→ Data:
○ ○ ○ ○ ○ ○ ○
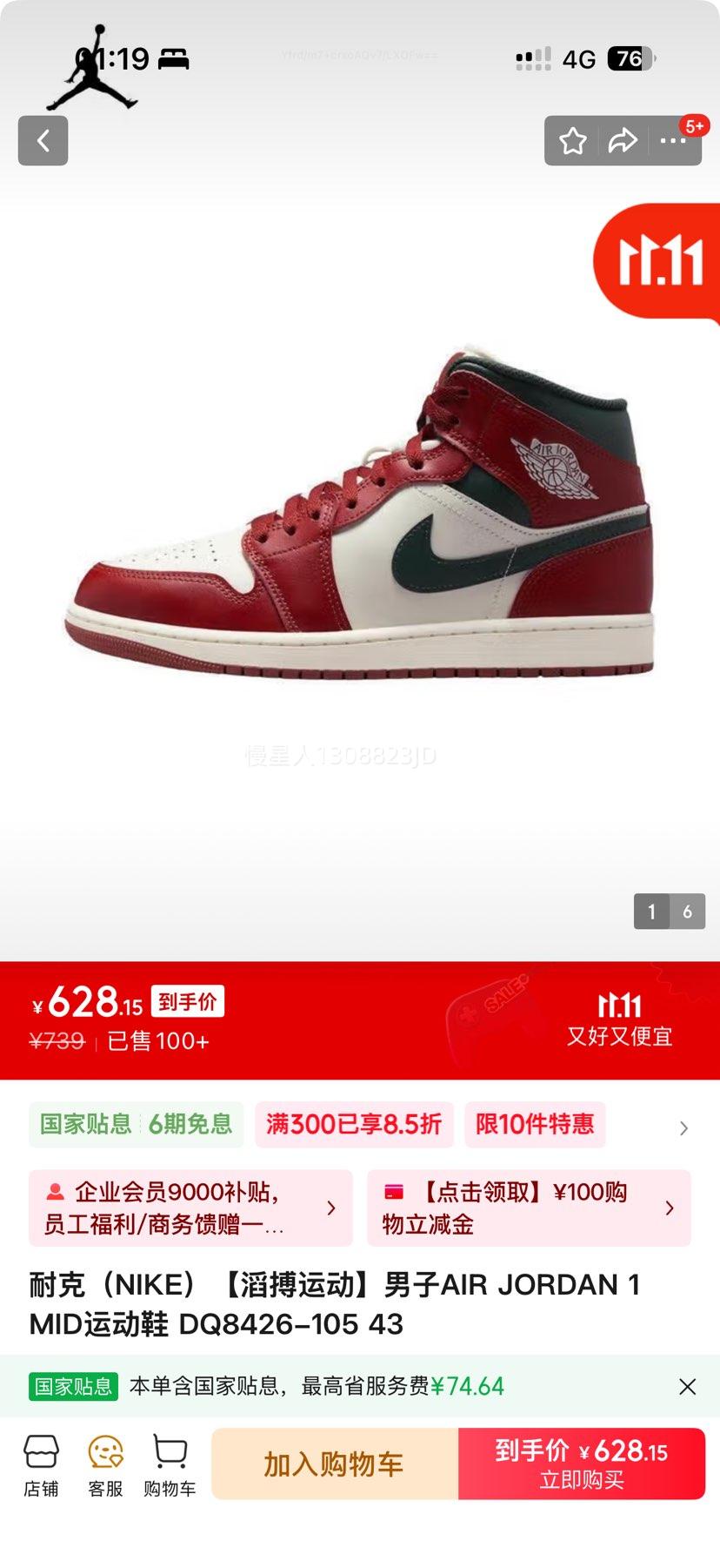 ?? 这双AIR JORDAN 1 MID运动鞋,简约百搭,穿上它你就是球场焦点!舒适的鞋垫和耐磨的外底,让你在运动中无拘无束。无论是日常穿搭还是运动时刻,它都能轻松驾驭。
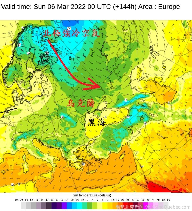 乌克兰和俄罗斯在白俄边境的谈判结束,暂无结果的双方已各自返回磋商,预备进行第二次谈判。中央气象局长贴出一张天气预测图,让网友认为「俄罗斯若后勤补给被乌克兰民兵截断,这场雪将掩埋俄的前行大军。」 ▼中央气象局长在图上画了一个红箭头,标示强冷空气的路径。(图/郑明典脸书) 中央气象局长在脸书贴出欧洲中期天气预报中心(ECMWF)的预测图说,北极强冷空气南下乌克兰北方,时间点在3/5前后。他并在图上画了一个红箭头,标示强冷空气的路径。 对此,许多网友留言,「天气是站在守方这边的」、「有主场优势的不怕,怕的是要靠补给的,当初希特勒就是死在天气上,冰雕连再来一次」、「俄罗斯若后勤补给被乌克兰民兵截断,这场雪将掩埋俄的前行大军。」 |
○ ○ ○ ○ ○ ○ ○
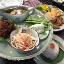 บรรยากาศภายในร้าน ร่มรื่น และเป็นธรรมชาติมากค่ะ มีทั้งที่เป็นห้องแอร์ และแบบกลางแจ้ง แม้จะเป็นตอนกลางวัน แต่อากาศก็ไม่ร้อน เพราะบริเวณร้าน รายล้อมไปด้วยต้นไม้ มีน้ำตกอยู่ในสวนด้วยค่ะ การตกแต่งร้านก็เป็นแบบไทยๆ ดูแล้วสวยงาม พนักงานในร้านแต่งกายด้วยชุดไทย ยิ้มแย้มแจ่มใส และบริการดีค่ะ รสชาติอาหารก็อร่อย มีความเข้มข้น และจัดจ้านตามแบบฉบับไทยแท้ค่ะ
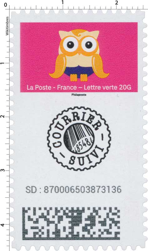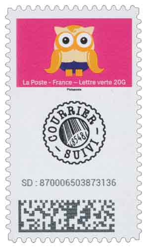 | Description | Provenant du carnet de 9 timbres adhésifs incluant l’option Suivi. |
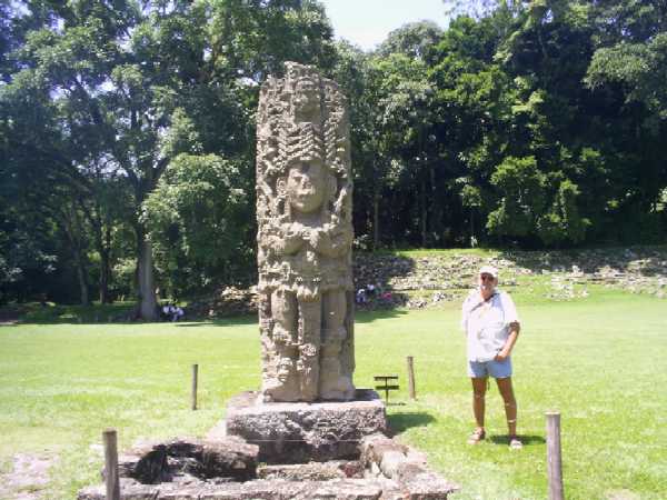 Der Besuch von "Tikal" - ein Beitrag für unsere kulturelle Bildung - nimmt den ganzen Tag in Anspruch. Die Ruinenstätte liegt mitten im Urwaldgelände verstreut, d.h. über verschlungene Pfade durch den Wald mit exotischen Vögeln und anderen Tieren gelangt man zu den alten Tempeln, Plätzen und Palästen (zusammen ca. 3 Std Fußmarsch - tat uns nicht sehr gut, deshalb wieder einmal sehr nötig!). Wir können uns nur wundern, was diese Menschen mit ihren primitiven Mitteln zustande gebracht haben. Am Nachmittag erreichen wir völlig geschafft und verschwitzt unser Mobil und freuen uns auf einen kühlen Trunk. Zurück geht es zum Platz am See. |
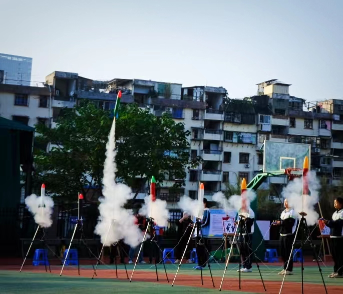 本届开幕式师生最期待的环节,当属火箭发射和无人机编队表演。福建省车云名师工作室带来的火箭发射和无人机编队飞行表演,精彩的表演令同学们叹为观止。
○ ○ ○ ○ ○ ○ ○
→ Brief: Working from the entries above, please transcribe only the lines from the line with "บรรยากาศภายในร้าน ร่มรื่น และเป็นธรรมชาติมากค่ะ" through the line with "l’option Suivi. |", exactly, with both end lines and without pictures.

→ Solution to the exercise:
 บรรยากาศภายในร้าน ร่มรื่น และเป็นธรรมชาติมากค่ะ มีทั้งที่เป็นห้องแอร์ และแบบกลางแจ้ง แม้จะเป็นตอนกลางวัน แต่อากาศก็ไม่ร้อน เพราะบริเวณร้าน รายล้อมไปด้วยต้นไม้ มีน้ำตกอยู่ในสวนด้วยค่ะ การตกแต่งร้านก็เป็นแบบไทยๆ ดูแล้วสวยงาม พนักงานในร้านแต่งกายด้วยชุดไทย ยิ้มแย้มแจ่มใส และบริการดีค่ะ รสชาติอาหารก็อร่อย มีความเข้มข้น และจัดจ้านตามแบบฉบับไทยแท้ค่ะ
 | Description | Provenant du carnet de 9 timbres adhésifs incluant l’option Suivi. |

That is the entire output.